К счастью, ничего я у Барабанова в тот раз не взял. Зато изъяли у меня вполне невинные мемуары Нины Гаген-Торн, переданные, когда я приезжал в Большие Ижоры. Обитала она там, поскольку каким-то чудом вернула себе дом своего отца, выдающегося хирурга и революционера, построенный им ещё до Первой мировой войны; какое-то сказочное везение, неправдоподобное, такого в СССР почти никогда не случалось. Нина Ивановна жила на то, что сдавала комнаты для некоторых философов Ленинградского университета, с условием, что они сидят тихо как мышки, работают, никакого шума.
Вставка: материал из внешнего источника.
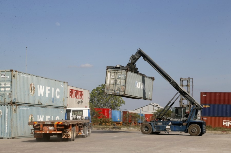 A crane truck lifts a container at the Hong Leng Huor Dry Port on the western suburb of Phnom Penh, Cambodia on Jan. 13, 2022. (Photo by Phearum/Xinhua)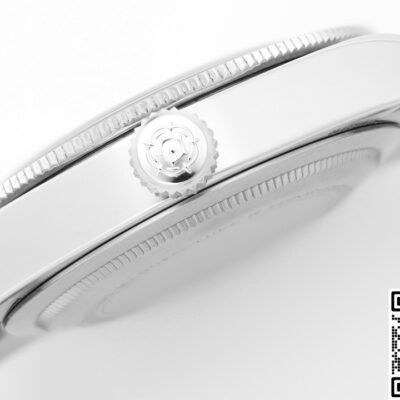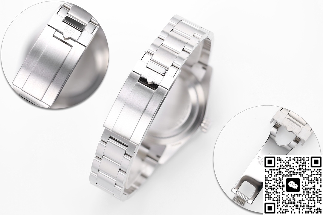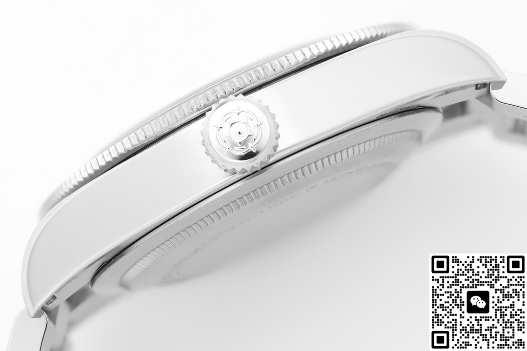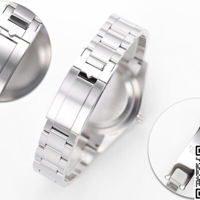 But the most charming detail has to be the rose logo engraved on the screw-down crown. The grooves between petals and leaves are re-engraved with a five-axis laser, then polished and rhodium-plated. Even under close-up photos, it holds up well. The crown guards are widened and beveled at the edges, protecting the crown without digging into your hand. The bracelet uses a three-link design, polished in the middle and brushed on the sides. The clasp has a built-in T-fit quick-adjust system. Without any tools, you can expand or contract it in 8mm across five positions. When your wrist swells in the summer, just loosen it one click—comfort level goes way up.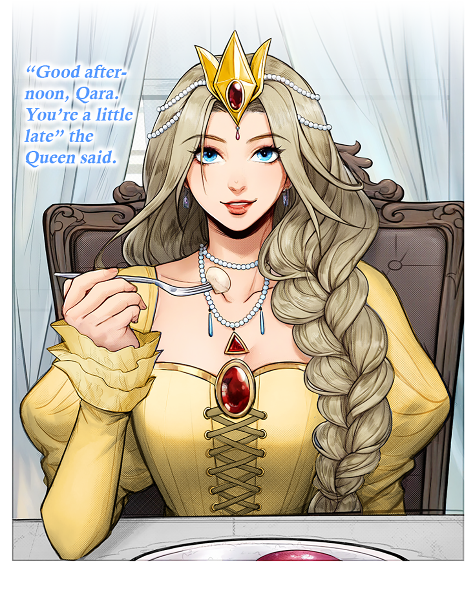 At the same time, the Prince is supposed to be impartial to the competitors vying to become his Queen. However, upon learning that Qara has been chosen, he reveals that she is the one he has always wanted to marry. Unfortunately, precedence dictates the Prince does not get to decide his future wife, it has and will always be determined by the prestigious Queen Games tournament. Shocked by this unexpected but deeply desired revelation, Qara reciprocates his affections. Now, the two secretly conspire to secure her victory, not because they want to be King and Queen, but because it’s the only way for them to be together.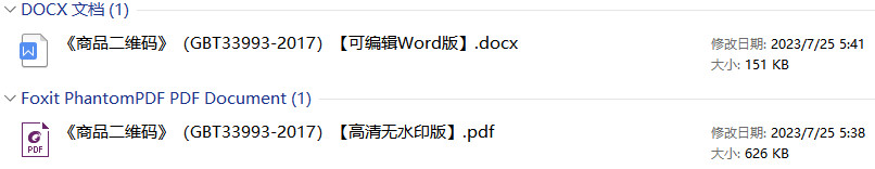 《商品二维码》(GB/T33993-2017)【全文附高清无水印PDF+DOC/Word版下载】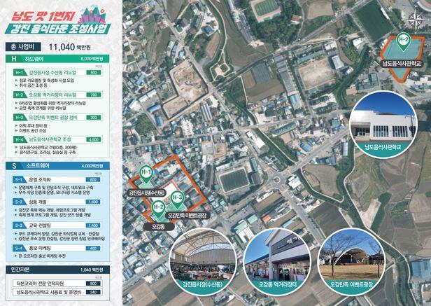 À̹ø¿¡ ¼±Á¤µÈ °Áø±ºÀÇ ¡®³²µµ ¸À 1¹øÁö À½½ÄŸ¿î Á¶¼º¡¯ »ç¾÷Àº °ÁøÀ¾ ½ÃÀå ¹× ¿À°¨Åë ÀÏ¿ø¿¡ ÃÑ»ç¾÷ºñ 110¾ï ¿ø(±¹ºñ 50¾ï ¿ø)À» ÅõÀÔÇØ ³²µµÀ½½Ä»ç°üÇб³ Á¶¼º, ½ÃÀå¼ö»êµ¿°ú ¸Ô°Å¸®ÀåÅÍ ¸®´º¾ó, ¿À°¨¸¸Á· À̺¥Æ® ±¤Àå Á¤ºñ µîÀ» ÅëÇØ ¿Ü½Ä¾÷ Ư¼ºÈ °ø°£À» Á¶¼ºÇÒ °èȹÀÌ´Ù.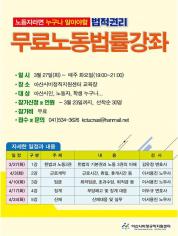 - 2017년 노동자시민 무료법률강좌2 노동조합에 대한 궁금증, 집단적 노사관계(노사협의, 노동조합)에 대해 궁금증 속 시원한 해법을 찾아보세요! 누구나 신청하실 수 있습니다. 필요한 강의만 별도로 신청도 가능하며, 1강 인문학 강좌는 신청하시지 않으신 분도 당일 참여 가능합니다. ◦ 일시 : 11월 7일부터 매주 화요일(저녁 7시00분~21시 00분) ◦ 장소 : 아산시비정규직지원센터 교육실 ◦ 참가대상 : 아산 시민, 노동자, 직장인, 취업준비생, 학생 등 누구나 ◦ 접수 및 문의 : kctucnas@hanmail.net / 041)534-3626 ◦ 접수기간 : 3월 20일~3월 31일 ◦ 모집인원 : 선착순 30명 ◦ 참가비 : 무료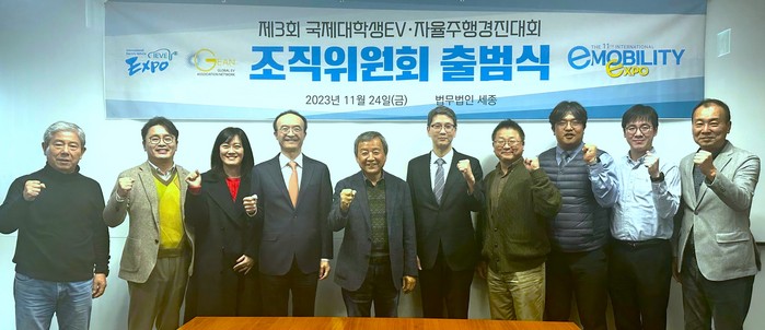 국제e-모빌리티엑스포와 세계e-모빌리티협의회는 지난 24일 서울 법무법인 세종에서'제3회 국제 대학생 EV 자율주행 경진대회' 조직위 출범식을 개최했다.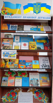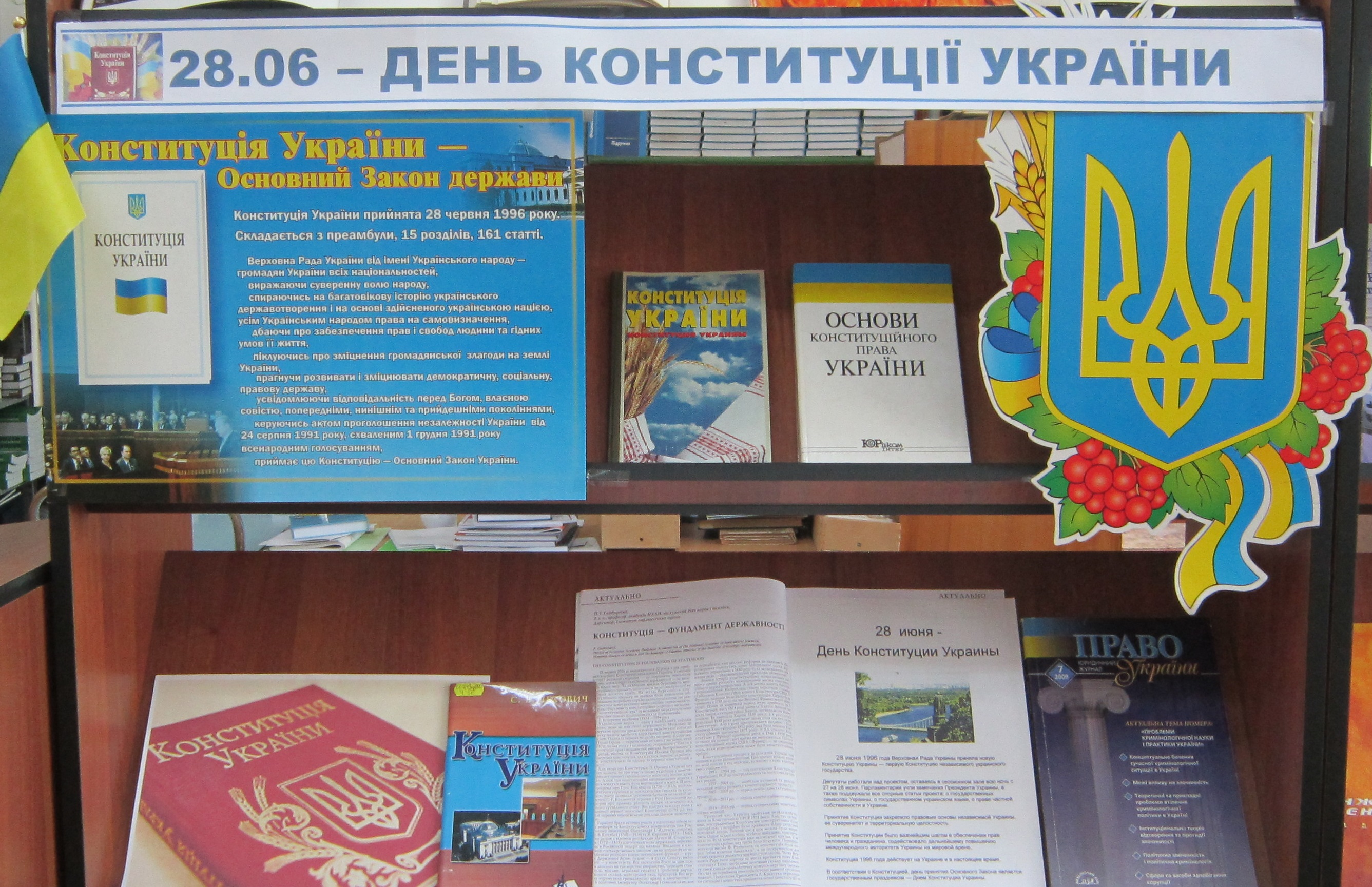 До Дня Конституції України наукова бібліотека підготувала експрес-виставку, на якій представлені видання: Конституція України, «Основи конституційного права України», «Економіка та держава», «Право України», в яких розглядаються питання «Конституція – фундамент державності», «Конституція і міжнародне право: до питання про взаємозв’язок і взаємовплив» та ін.

Пока мы с ней беседовали, появилась её дочь, и вдруг Нина Ивановна, как бы не понимая, какая удача ей выпала, со старорежимными интонациями говорит:
– А ты знаешь нашу большую квартиру на Васильевском острове? Может быть, я выпрошу тоже обратно?
– Там коммуналка, – сердито отвечает дочь.
– Ну так что же? Расселят всех, а нам вернут.
– Мама, умоляю. У тебя дом в Больших Ижорах. Хватит.
Политически Нина Ивановна была, как выражаются некоторые мои русские друзья, никакомыслящей. И в мемуарах её не могло быть ничего крамольного. Тем не менее рукопись нашли, изъяли, заодно забрали мою статью о восприятии Блока в России, написанную для блоковского тома “Литературного наследства” Ильи Зильберштейна. Статья, замечу, была написана от руки.
– Вы не имеете права её вывозить.
– Как это – не имею? Это же я написал.
– Всё, что написано в Советском Союзе, принадлежит Советскому Союзу, – без тени улыбки заявил мне сотрудник КГБ.
Тогда я обратился в Министерство иностранных дел в Берне, пожаловался, мол, у профессора Женевского университета отобрали его собственный текст и подаренные ему воспоминания Нины Гаген-Торн. И, к полному своему удивлению, получил ответ, что они запросили московский МИД, им прислали мнение советского эксперта, согласно которому вывезенные мною тексты не имеют антисоветского характера и могут быть возвращены. И я получил их обратно.
Совсем другая история с мемуарами Эдуарда Кузнецова, того самого, который в 1970-м попытался угнать самолёт, чтобы через Скандинавию попасть в Израиль, и долго сидел в лагере. Будучи в Женеве, я получил – анонимно! – рукопись его книги “Мордовский марафон”. Переписано в типично зэковской манере, как у Солженицына, микроскопическим почерком, чтобы занять как можно меньше места на бумаге. И вот через какое-то время после освобождения и обмена на русских шпионов Эдуард появился в Женеве. Я подошёл после какого-то выступления, сказал:
– Эдуард, по-моему, это ваша рукопись?
– Да, – слегка растерялся он.
– Берите.
– Откуда она у вас?
– Передал посредник, пожелавший остаться неизвестным.